We’ve introduced Notion MCP, a remote MCP server with the following improvements:

  • Easy installation via standard OAuth. No need to fiddle with JSON or API tokens anymore.
  • Powerful tools tailored to AI agents, including editing pages in Markdown. These tools are designed with optimized token consumption in mind.

Learn more and get started at Notion MCP documentation.

We are prioritizing, and only providing active support for, Notion MCP (remote). As a result:

  • We may sunset this local MCP server repository in the future.
  • Issues and pull requests here are not actively monitored.
  • Please do not file issues relating to the remote MCP here; instead, contact Notion support.

notion-mcp-sm

This project implements an MCP server for the Notion API.

mcp-demo


⚠️ Version 2.0.0 breaking changes

Version 2.0.0 migrates to the Notion API 2025-09-03 which introduces data sources as the primary abstraction for databases.

What changed

Removed tools (3):

  • post-database-query - replaced by query-data-source
  • update-a-database - replaced by update-a-data-source
  • create-a-database - replaced by create-a-data-source

New tools (7):

  • query-data-source - Query a data source (database) with filters and sorts
  • retrieve-a-data-source - Get metadata and schema for a data source
  • update-a-data-source - Update data source properties
  • create-a-data-source - Create a new data source
  • list-data-source-templates - List available templates in a data source
  • move-page - Move a page to a different parent location
  • retrieve-a-database - Get database metadata including its data source IDs

Parameter changes:

  • All database operations now use data_source_id instead of database_id
  • Search filter values changed from ["page", "database"] to ["page", "data_source"]
  • Page creation now supports both page_id and database_id parents (for data sources)

Do I need to migrate?

No code changes required. MCP tools are discovered automatically when the server starts. When you upgrade to v2.0.0, AI clients will automatically see the new tool names and parameters. The old database tools are no longer available.

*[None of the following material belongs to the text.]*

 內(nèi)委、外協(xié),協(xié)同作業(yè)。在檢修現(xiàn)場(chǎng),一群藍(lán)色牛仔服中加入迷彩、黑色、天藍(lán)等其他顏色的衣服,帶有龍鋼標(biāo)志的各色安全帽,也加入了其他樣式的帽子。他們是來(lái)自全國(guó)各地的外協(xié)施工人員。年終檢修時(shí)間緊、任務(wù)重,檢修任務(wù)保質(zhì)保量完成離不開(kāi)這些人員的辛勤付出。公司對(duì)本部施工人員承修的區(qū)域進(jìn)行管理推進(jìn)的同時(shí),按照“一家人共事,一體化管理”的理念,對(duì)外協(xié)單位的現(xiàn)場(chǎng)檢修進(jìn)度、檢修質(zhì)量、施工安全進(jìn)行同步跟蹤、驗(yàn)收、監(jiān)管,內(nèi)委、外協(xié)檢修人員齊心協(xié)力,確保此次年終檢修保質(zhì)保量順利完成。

If you have hardcoded tool names or prompts that reference the old database tools, update them to use the new data source tools:

Old Tool (v1.x)New Tool (v2.0)Parameter Change
post-database-queryquery-data-sourcedatabase_iddata_source_id
update-a-databaseupdate-a-data-sourcedatabase_iddata_source_id
create-a-databasecreate-a-data-sourceNo change (uses parent.page_id)

Note: retrieve-a-database is still available and returns database metadata including the list of data source IDs. Use retrieve-a-data-source to get the schema and properties of a specific data source.

Total tools now: 22 (was 19 in v1.x)


Installation

1. Setting up integration in Notion

Go to https://www.notion.so/profile/integrations and create a new internal integration or select an existing one.

Creating a Notion Integration token

While we limit the scope of Notion API's exposed (for example, you will not be able to delete databases via MCP), there is a non-zero risk to workspace data by exposing it to LLMs. Security-conscious users may want to further configure the Integration's Capabilities.

For example, you can create a read-only integration token by giving only "Read content" access from the "Configuration" tab:

Notion Integration Token Capabilities showing Read content checked

2. Connecting content to integration

Ensure relevant pages and databases are connected to your integration.

To do this, visit the Access tab in your internal integration settings. Edit access and select the pages you'd like to use.

Integration Access tab

Edit integration access

Alternatively, you can grant page access individually. You'll need to visit the target page, and click on the 3 dots, and select "Connect to integration".

Adding Integration Token to Notion Connections

3. Adding MCP config to your client

Using npm
Cursor & Claude

Add the following to your .cursor/mcp.json or claude_desktop_config.json (MacOS: ~/Library/Application\ Support/Claude/claude_desktop_config.json)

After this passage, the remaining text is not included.